Outra questão relevante presente nos itans de Omolu, ainda que não diretamente abordada na disciplina, é o lugar da mulher na sociedade afro-diaspórica. O sexismo não é um sistema exclusivo do eurocentrismo, também esteve presente em África. Entretanto, a mitologia nos mostra que a mulher narrada nas cosmologias africanas ocupa um lugar que não é de submissão.

Quando, em um Itan, Nanã “abandona” Omolu, é trazido para a cena a possibilidade, e, por que não a necessidade, de pensar que o amor materno não é soberano e que esse amor pode se manifestar de outras formas, como no caso, abrindo mão da sua maternidade para alguém que de fato deseje ocupar esse lugar e que o faria de uma melhor maneira.

Um corpo saudável é aquele que está em harmonia com seu ori, com a natureza e com sua ancestralidade.
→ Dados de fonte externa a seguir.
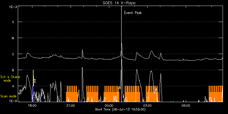 EIS Observation timeline overlay to GOES-Xray curve Code 1" 2" 40" 266" EIS Observations list for this event: STUDY ACRONYM ID DATE OBSERVED DESCRIPTION NOAA# TARGET 0 PRY_slot_contextLITE | 34908 | 2013/07/06 18:01:14 | EIS pointing monitoring | 1785 | Active Region TIMELINE ID DATE OBSERVED FITS FILE XCEN (+W/-E) YCEN (+N/-S) DUR ----------------------------------------------------------------------------------------------------------------- 34908 | 2013/07/06 18:01:14.000 | eis_l0_20130706_180114.fits.gz | -15.29 | -0.58 | 2m56s 1 Alignment_266 | 34909 | 2013/07/06 18:04:29 | EIS pointing monitoring | 1785 | Quiet Sun TIMELINE ID DATE OBSERVED FITS FILE XCEN (+W/-E) YCEN (+N/-S) DUR ----------------------------------------------------------------------------------------------------------------- 34909 | 2013/07/06 18:04:29.000 | eis_l0_20130706_180429.fits.gz | -132.49 | -0.50 | 1m22s 2 XRT_synop_AIA | 34910 | 2013/07/06 18:06:36 | EIS pointing monitoring | 1785 | Quiet Sun TIMELINE ID DATE OBSERVED FITS FILE XCEN (+W/-E) YCEN (+N/-S) DUR ----------------------------------------------------------------------------------------------------------------- 34910 | 2013/07/06 18:06:36.000 | eis_l0_20130706_180636.fits.gz | -132.49 | -0.35 | 10s 3 HH_Flare_162x152 | 34923 | 2013/07/06 20:37:50 | Flare Observations | 1788 | Flare TIMELINE ID DATE OBSERVED FITS FILE XCEN (+W/-E) YCEN (+N/-S) DUR ----------------------------------------------------------------------------------------------------------------- 34923 | 2013/07/06 20:37:50.000 | eis_l0_20130706_203750.fits.gz | -242.23 | -230.67 | 4m10s 34923 | 2013/07/06 20:42:03.000 | eis_l0_20130706_204203.fits.gz | -241.76 | -230.75 | 4m11s 34923 | 2013/07/06 20:46:17.000 | eis_l0_20130706_204617.fits.gz | -241.15 | -230.59 | 4m10s 34923 | 2013/07/06 20:50:30.000 | eis_l0_20130706_205030.fits.gz | -240.45 | -230.67 | 4m11s 34923 | 2013/07/06 20:54:44.000 | eis_l0_20130706_205444.fits.gz | -239.83 | -230.75 | 4m11s 34923 | 2013/07/06 20:58:57.000 | eis_l0_20130706_205857.fits.gz | -239.29 | -230.75 | 4m11s 34923 | 2013/07/06 21:03:10.000 | eis_l0_20130706_210310.fits.gz | -238.75 | -230.82 | 4m11s 34923 | 2013/07/06 21:07:24.000 | eis_l0_20130706_210724.fits.gz | -238.06 | -230.82 | 4m10s 34923 | 2013/07/06 21:11:37.000 | eis_l0_20130706_211137.fits.gz | -237.44 | -230.75 | 4m11s 34923 | 2013/07/06 21:15:51.000 | eis_l0_20130706_211551.fits.gz | -236.90 | -230.82 | 4m10s 34923 | 2013/07/06 21:20:04.000 | eis_l0_20130706_212004.fits.gz | -236.20 | -230.82 | 4m11s 34923 | 2013/07/06 21:24:18.000 | eis_l0_20130706_212418.fits.gz | -235.59 | -230.90 | 4m10s 34923 | 2013/07/06 21:28:31.000 | eis_l0_20130706_212831.fits.gz | -235.04 | -230.82 | 4m11s 4 HH_Flare_162x152 | 34924 | 2013/07/06 22:13:46 | Flare Observations | 1788 | Flare TIMELINE ID DATE OBSERVED FITS FILE XCEN (+W/-E) YCEN (+N/-S) DUR ----------------------------------------------------------------------------------------------------------------- 34924 | 2013/07/06 22:13:46.000 | eis_l0_20130706_221346.fits.gz | -228.56 | -230.98 | 4m11s 34924 | 2013/07/06 22:18:00.000 | eis_l0_20130706_221800.fits.gz | -228.01 | -230.98 | 4m11s 34924 | 2013/07/06 22:22:13.000 | eis_l0_20130706_222213.fits.gz | -227.24 | -230.98 | 4m11s 34924 | 2013/07/06 22:26:27.000 | eis_l0_20130706_222627.fits.gz | -226.78 | -231.06 | 4m10s 34924 | 2013/07/06 22:30:40.000 | eis_l0_20130706_223040.fits.gz | -226.08 | -231.06 | 4m11s 34924 | 2013/07/06 22:34:54.000 | eis_l0_20130706_223454.fits.gz | -225.47 | -231.13 | 4m10s 34924 | 2013/07/06 22:39:07.000 | eis_l0_20130706_223907.fits.gz | -224.93 | -231.13 | 4m10s 34924 | 2013/07/06 22:43:20.000 | eis_l0_20130706_224320.fits.gz | -224.23 | -231.21 | 4m11s 34924 | 2013/07/06 22:47:34.000 | eis_l0_20130706_224734.fits.gz | -223.69 | -231.21 | 4m10s 34924 | 2013/07/06 22:51:47.000 | eis_l0_20130706_225147.fits.gz | -223.23 | -231.13 | 4m11s 34924 | 2013/07/06 22:56:01.000 | eis_l0_20130706_225601.fits.gz | -222.14 | -231.06 | 4m10s 34924 | 2013/07/06 23:00:14.000 | eis_l0_20130706_230014.fits.gz | -221.84 | -231.13 | 4m11s 34924 | 2013/07/06 23:04:27.000 | eis_l0_20130706_230427.fits.gz | -221.22 | -231.21 | 4m11s 5 HH_Flare_162x152 | 34925 | 2013/07/06 23:35:13 | Flare Observations | 1788 | Flare TIMELINE ID DATE OBSERVED FITS FILE XCEN (+W/-E) YCEN (+N/-S) DUR ----------------------------------------------------------------------------------------------------------------- 34925 | 2013/07/06 23:35:13.000 | eis_l0_20130706_233513.fits.gz | -216.74 | -231.06 | 4m10s 34925 | 2013/07/06 23:39:26.000 | eis_l0_20130706_233926.fits.gz | -216.35 | -230.90 | 4m11s 34925 | 2013/07/06 23:43:40.000 | eis_l0_20130706_234340.fits.gz | -215.58 | -231.21 | 4m10s 34925 | 2013/07/06 23:47:53.000 | eis_l0_20130706_234753.fits.gz | -214.96 | -231.29 | 4m11s 34925 | 2013/07/06 23:52:06.000 | eis_l0_20130706_235206.fits.gz | -214.34 | -231.29 | 4m11s 34925 | 2013/07/06 23:56:20.000 | eis_l0_20130706_235620.fits.gz | -213.72 | -231.44 | 4m10s 34925 | 2013/07/07 00:00:33.000 | eis_l0_20130707_000033.fits.gz | -213.11 | -231.29 | 4m11s 34925 | 2013/07/07 00:04:47.000 | eis_l0_20130707_000447.fits.gz | -212.49 | -231.44 | 4m10s 34925 | 2013/07/07 00:09:00.000 | eis_l0_20130707_000900.fits.gz | -211.87 | -231.44 | 4m11s 34925 | 2013/07/07 00:13:14.000 | eis_l0_20130707_001314.fits.gz | -211.33 | -231.37 | 4m10s 34925 | 2013/07/07 00:17:27.000 | eis_l0_20130707_001727.fits.gz | -210.71 | -231.44 | 4m11s 34925 | 2013/07/07 00:21:40.000 | eis_l0_20130707_002140.fits.gz | -210.09 | -231.52 | 4m11s 34925 | 2013/07/07 00:25:54.000 | eis_l0_20130707_002554.fits.gz | -209.55 | -231.37 | 4m10s 34925 | 2013/07/07 00:30:07.000 | eis_l0_20130707_003007.fits.gz | -208.93 | -231.44 | 4m11s 34925 | 2013/07/07 00:34:21.000 | eis_l0_20130707_003421.fits.gz | -208.24 | -231.37 | 4m10s 34925 | 2013/07/07 00:38:34.000 | eis_l0_20130707_003834.fits.gz | -207.54 | -231.44 | 4m11s 34925 | 2013/07/07 00:42:47.000 | eis_l

A doença pode ser compreendida como um desequilíbrio espiritual que se cura com banhos, rezas, ervas, oferendas e rituais capazes de restabelecer essa energia vital; ou, em certos casos, simplesmente com obediência e fé.
Essa outra maneira de pensar, sustentada por uma outra “cosmo-percepção” tensiona e questiona a hierarquia que toma a medicina ocidental como “ciência” e as práticas afro-brasileiras como “crendices”. Ao reconhecer o saber das religiões de matriz africana como conhecimento válido, restituem-se dignidade e legitimidade a corpos e culturas historicamente marginalizados.
Nos terreiros, cuidar é ato político, comunitário e natural. A cura envolve o cuidado ao bem-estar coletivo, o acolhimento, a partilha de alimentos, o respeito aos ciclos naturais e o cuidado com o outro. Isso vai contra a lógica individualista e fragmentada do sistema biomédico.

A caminhada no sentido a uma outro modo de vida, virtuoso, possibilita a construção de uma outra conceituação de saúde e doença. Esse movimento implica deslocar os olhares e chamar outras perspectivas de mundo para compor o campo do cuidado. Ao reconhecer nos Itans de Exu e Omolu caminhos de compreensão sobre o equilíbrio, a disciplina e a humildade, abre-se a possibilidade de reconstruir sentidos para a saúde que não se restrinjam à ausência de doença, mas que a compreendam como expressão da vida em movimento.
Os saberes das religiões de matriz africana, ao articularem corpo, espírito, comunidade e natureza, propõem uma ética virtuosa e uma epistemologia do cuidado fundada na coletividade, na ancestralidade e na reciprocidade. Essa cosmo-perspectiva desloca hierarquias e convoca a academia a um exercício de escuta e diálogo com outras formas de conhecimento, reconhecendo nelas não o exótico ou o místico, mas o científico em outra linguagem.
Assim, questionando e tensionando os limites da racionalidade moderna e convidando a multiplicidade de modos de cuidado à saúde, as perspectivas não-colonizadas nos convidam a reencantar a própria ideia de saúde. Não mais um estado fixo a ser alcançado, mas um processo vivo, em movimento e em constante relação.